§ EXERCISE: Output all of the lines below exactly, and leave out each image.

[Records from a data source]
++++++++

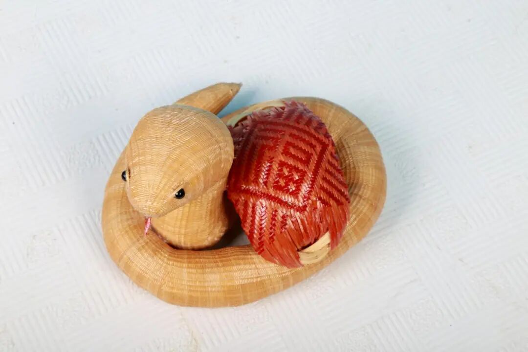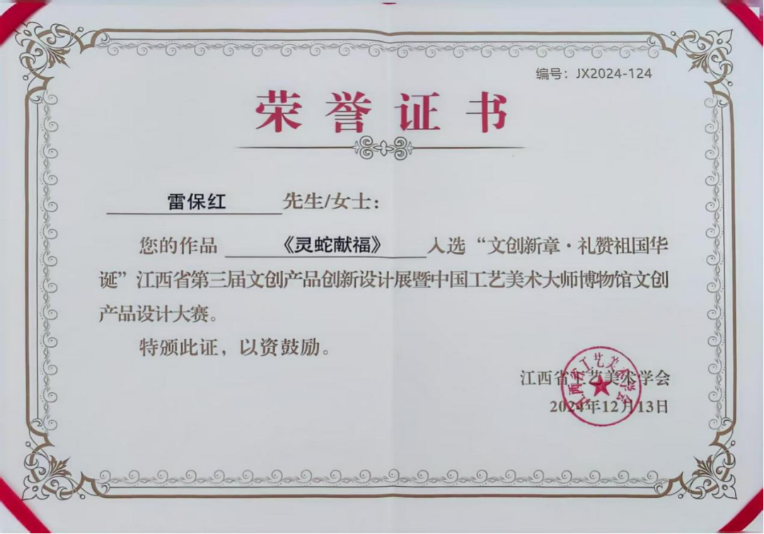 近日,瑞昌竹编省级代表性传承人雷保红老师的作品《灵蛇献福》在“文创新章·礼赞祖国华诞”江西省第三届文创产品创新设计展暨中国工艺美术大师博物馆文创产品设计大赛中脱颖而出。《灵蛇献福》不仅成功入选展览,更被中国工艺美术大师博物馆永久收藏。
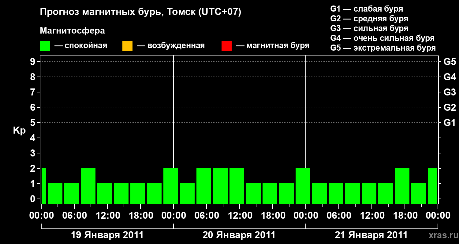 Прогноз магнитных бурь в Томске — 19 января 2011 года
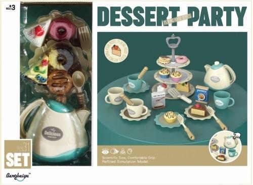 Zalety produktu: czajnik z akcesoriami MEGA CREATIVE to niezbędny sprzęt w każdym domu! Zawiera aż 31 elementów. Fantastyczna zastawa doskonale sprawdzi się podczas zabawy w przygotowanie pysznej herbatki, kawki, poczęstunku gości. Tak bogate wyposażenie pięknej zastawy może sprawić, że zabawa przerodzi się w prawdziwe przyjemne spotkanie przy herbatce czy kawce i ciachu! Zawartość zestawu: czajnik, patera na ciasto + łopatka do ciasta, 2x kpl sztućców, 4x talerzyk, 4x kubeczek, 3x kawałki tortu, 4x ciastka, 1x opakowanie cukru, 1x opakowanie ciasta w proszku. Całość wykonana z plastiku i tektury-wszystkie produkty są imitacją prawdziwych!. Wymiary/waga/baterie: wymiary produktu (dł. x wys. x gł.) [cm]:- czajnik 12x11x9, - patera 16x24x16. Wymiary opakowania (dł. x wys. x gł.) [cm]: 40x30x10, waga produktu bez opakowania [kg]: 0,59 kg, waga produktu w opakowaniu [kg]: 0,68 kg. Nie wymaga zasilania bateriami. Zabawka przeznaczona dla dzieci w wieku: 3+
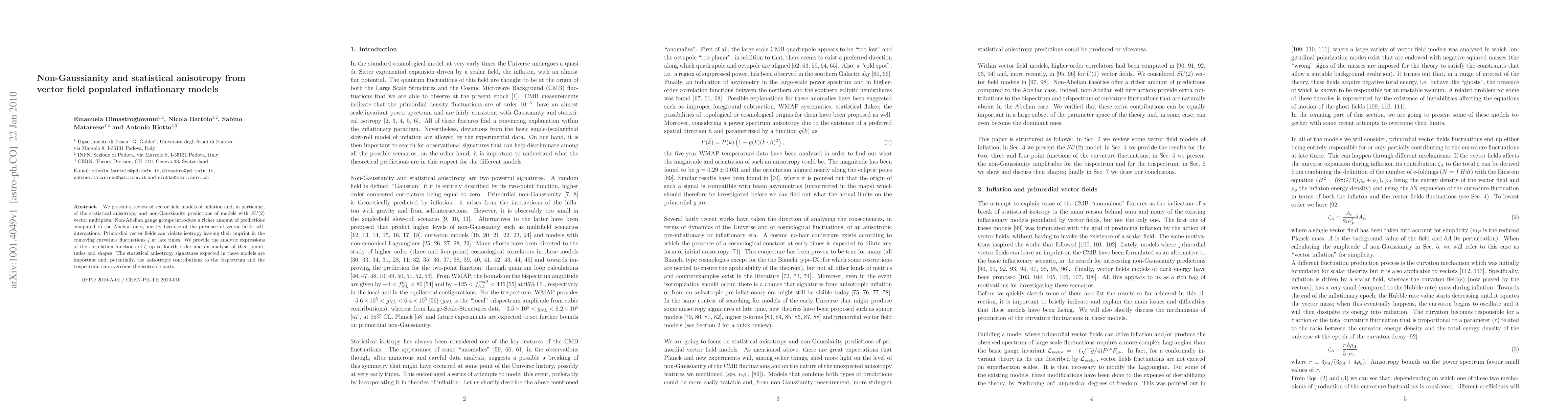 We present a review of vector field models of inflation and, in particular, of the statistical anisotropy and non-Gaussianity predictions of models with SU(2) vector multiplets. Non-Abelian gauge groups introduce a richer amount of predictions compared to the Abelian ones, mostly because of the presence of vector fields self-interactions. Primordial vector fields can violate isotropy leaving their imprint in the comoving curvature fluctuations zeta at late times. We provide the analytic expressions of the correlation functions of zeta up to fourth order and an analysis of their amplitudes and shapes. The statistical anisotropy signatures expected in these models are important and, potentially, the anisotropic contributions to the bispectrum and the trispectrum can overcome the isotropic parts.
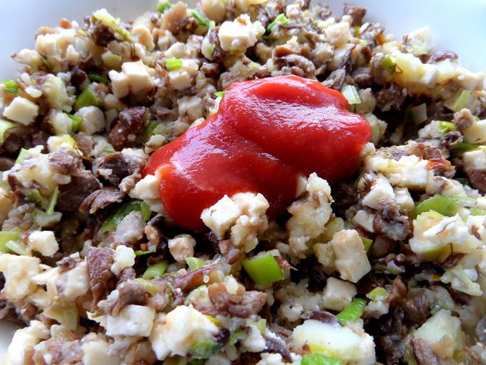 Ещё добавила заправку (пару ложек) от салатика "девчачий" от Марципанки,в нём уксус бальзамический,чеснок,масло,я ещё добавляла засоленный укроп.
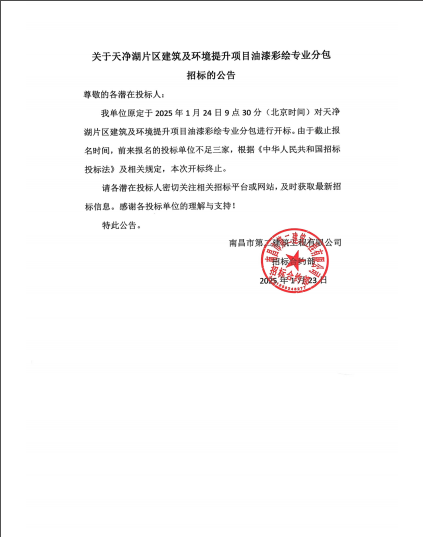 關(guān)于天凈湖片區(qū)建筑及環(huán)境提升項(xiàng)目油漆彩繪專業(yè)分包招標(biāo)的公告
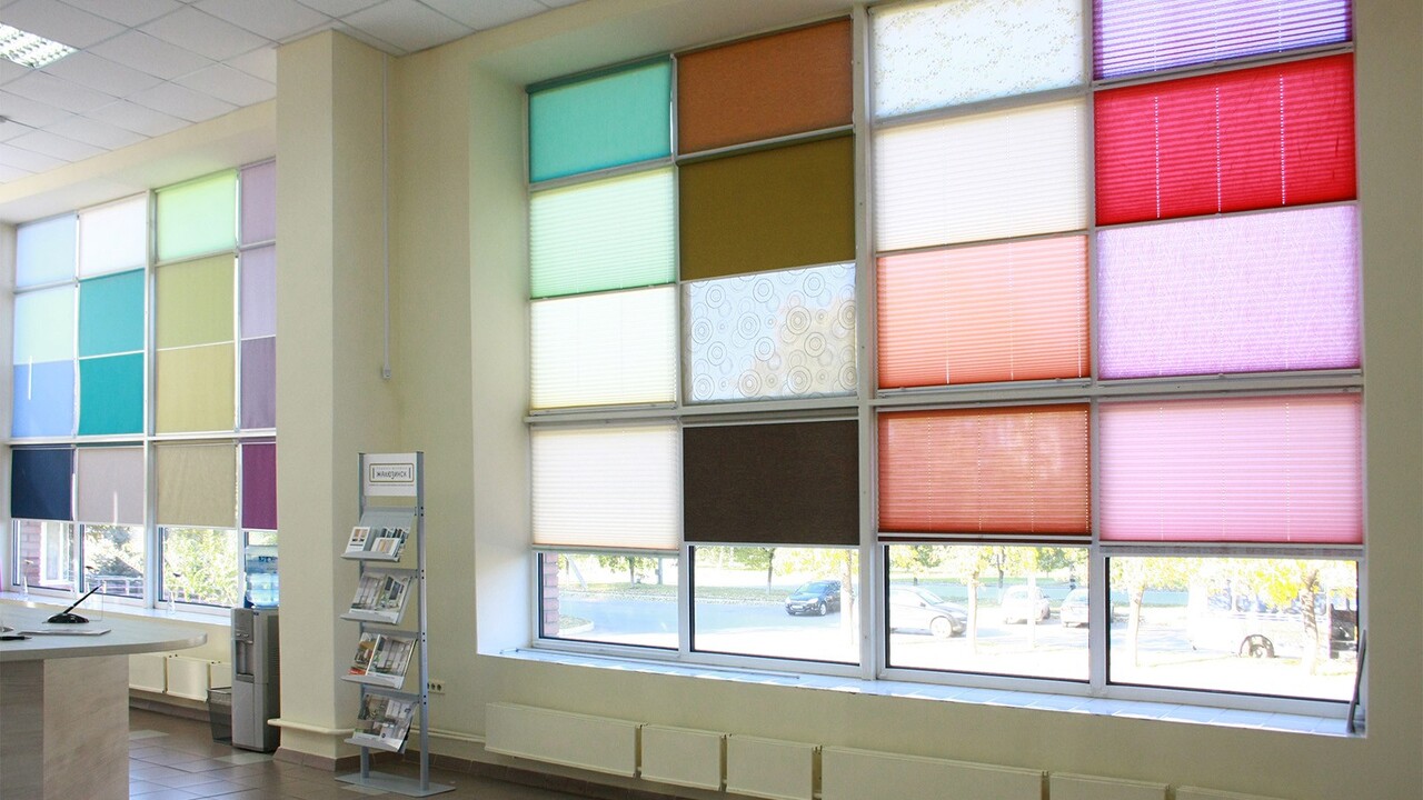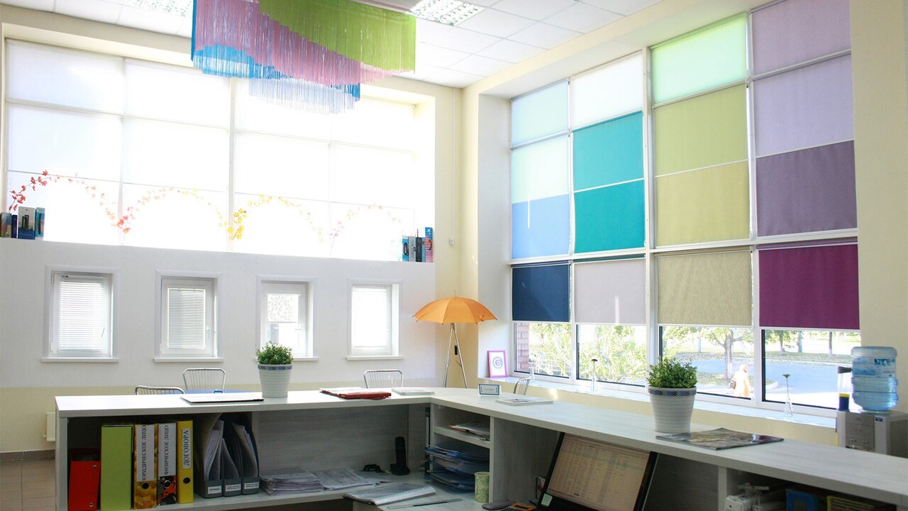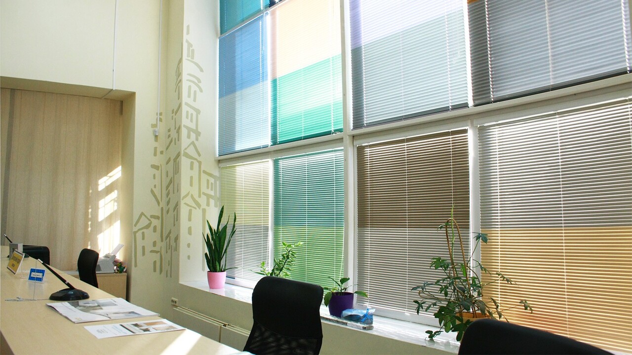 Отличительная черта офисного пространства – большие окна с перегородками, в которые встроен весь цветовой и функциональный спектр жалюзи.
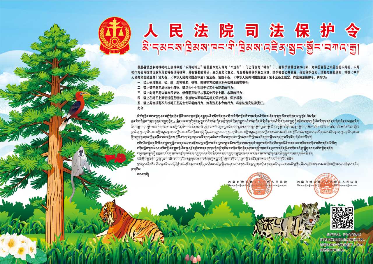 为践行习近平总书记绿水青山就是金山银山的理念,更好地保护墨脱珍稀植物资源,12月11日,林芝市中级人民法院、墨脱县人民法院联合发布不丹松“树王”《司法保护令》,并邀请墨脱县林业和草原局共同开展竖牌活动。此次出台的《司法保护令》是在野生独蒜兰《司法保护令》的基础上再发力,也是立足本地生态资源禀赋、探索特色生态司法路径的又一关键举措。
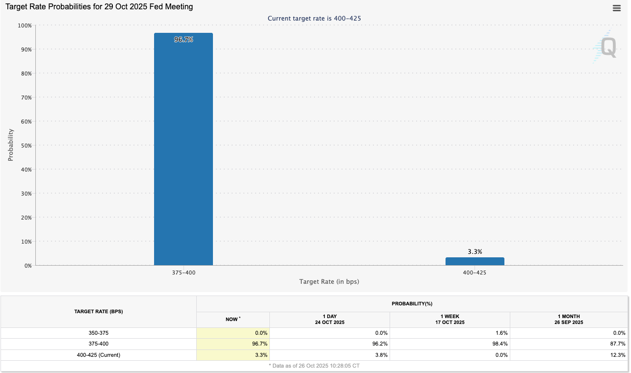 Cuộc họp FOMC tiếp theo vào 1:00 ngày 30/10/2025. Theo CME Group
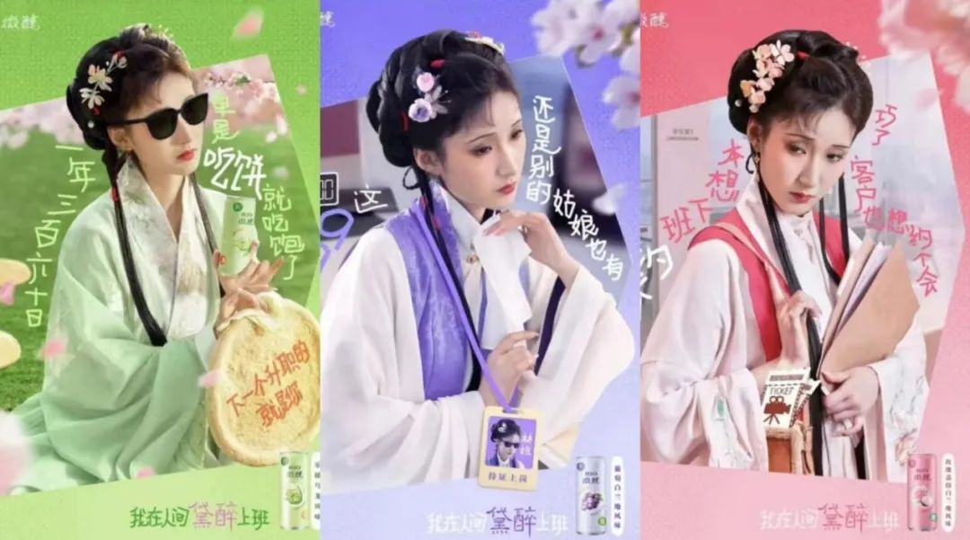 比如在五一調(diào)休這個(gè)社會(huì)熱點(diǎn)話(huà)題中,RIO雞尾酒請(qǐng)出了大IP林黛玉,推出一組“我在人間黛醉上班”的海報(bào),每一句都非常“有那味兒”。這組海報(bào)以林黛玉的形象為核心,將她的古典韻味與現(xiàn)代職場(chǎng)生活巧妙融合,每一幅都充滿(mǎn)了獨(dú)特的韻味與深意。

++++++++

§ ANSWER TO THE PROBLEM:
 近日,瑞昌竹编省级代表性传承人雷保红老师的作品《灵蛇献福》在“文创新章·礼赞祖国华诞”江西省第三届文创产品创新设计展暨中国工艺美术大师博物馆文创产品设计大赛中脱颖而出。《灵蛇献福》不仅成功入选展览,更被中国工艺美术大师博物馆永久收藏。
 Прогноз магнитных бурь в Томске — 19 января 2011 года
 Zalety produktu: czajnik z akcesoriami MEGA CREATIVE to niezbędny sprzęt w każdym domu! Zawiera aż 31 elementów. Fantastyczna zastawa doskonale sprawdzi się podczas zabawy w przygotowanie pysznej herbatki, kawki, poczęstunku gości. Tak bogate wyposażenie pięknej zastawy może sprawić, że zabawa przerodzi się w prawdziwe przyjemne spotkanie przy herbatce czy kawce i ciachu! Zawartość zestawu: czajnik, patera na ciasto + łopatka do ciasta, 2x kpl sztućców, 4x talerzyk, 4x kubeczek, 3x kawałki tortu, 4x ciastka, 1x opakowanie cukru, 1x opakowanie ciasta w proszku. Całość wykonana z plastiku i tektury-wszystkie produkty są imitacją prawdziwych!. Wymiary/waga/baterie: wymiary produktu (dł. x wys. x gł.) [cm]:- czajnik 12x11x9, - patera 16x24x16. Wymiary opakowania (dł. x wys. x gł.) [cm]: 40x30x10, waga produktu bez opakowania [kg]: 0,59 kg, waga produktu w opakowaniu [kg]: 0,68 kg. Nie wymaga zasilania bateriami. Zabawka przeznaczona dla dzieci w wieku: 3+
 We present a review of vector field models of inflation and, in particular, of the statistical anisotropy and non-Gaussianity predictions of models with SU(2) vector multiplets. Non-Abelian gauge groups introduce a richer amount of predictions compared to the Abelian ones, mostly because of the presence of vector fields self-interactions. Primordial vector fields can violate isotropy leaving their imprint in the comoving curvature fluctuations zeta at late times. We provide the analytic expressions of the correlation functions of zeta up to fourth order and an analysis of their amplitudes and shapes. The statistical anisotropy signatures expected in these models are important and, potentially, the anisotropic contributions to the bispectrum and the trispectrum can overcome the isotropic parts.
 Ещё добавила заправку (пару ложек) от салатика "девчачий" от Марципанки,в нём уксус бальзамический,чеснок,масло,я ещё добавляла засоленный укроп.
 關(guān)于天凈湖片區(qū)建筑及環(huán)境提升項(xiàng)目油漆彩繪專業(yè)分包招標(biāo)的公告
 Отличительная черта офисного пространства – большие окна с перегородками, в которые встроен весь цветовой и функциональный спектр жалюзи.
 为践行习近平总书记绿水青山就是金山银山的理念,更好地保护墨脱珍稀植物资源,12月11日,林芝市中级人民法院、墨脱县人民法院联合发布不丹松“树王”《司法保护令》,并邀请墨脱县林业和草原局共同开展竖牌活动。此次出台的《司法保护令》是在野生独蒜兰《司法保护令》的基础上再发力,也是立足本地生态资源禀赋、探索特色生态司法路径的又一关键举措。
 Cuộc họp FOMC tiếp theo vào 1:00 ngày 30/10/2025. Theo CME Group
 比如在五一調(diào)休這個(gè)社會(huì)熱點(diǎn)話(huà)題中,RIO雞尾酒請(qǐng)出了大IP林黛玉,推出一組“我在人間黛醉上班”的海報(bào),每一句都非常“有那味兒”。這組海報(bào)以林黛玉的形象為核心,將她的古典韻味與現(xiàn)代職場(chǎng)生活巧妙融合,每一幅都充滿(mǎn)了獨(dú)特的韻味與深意。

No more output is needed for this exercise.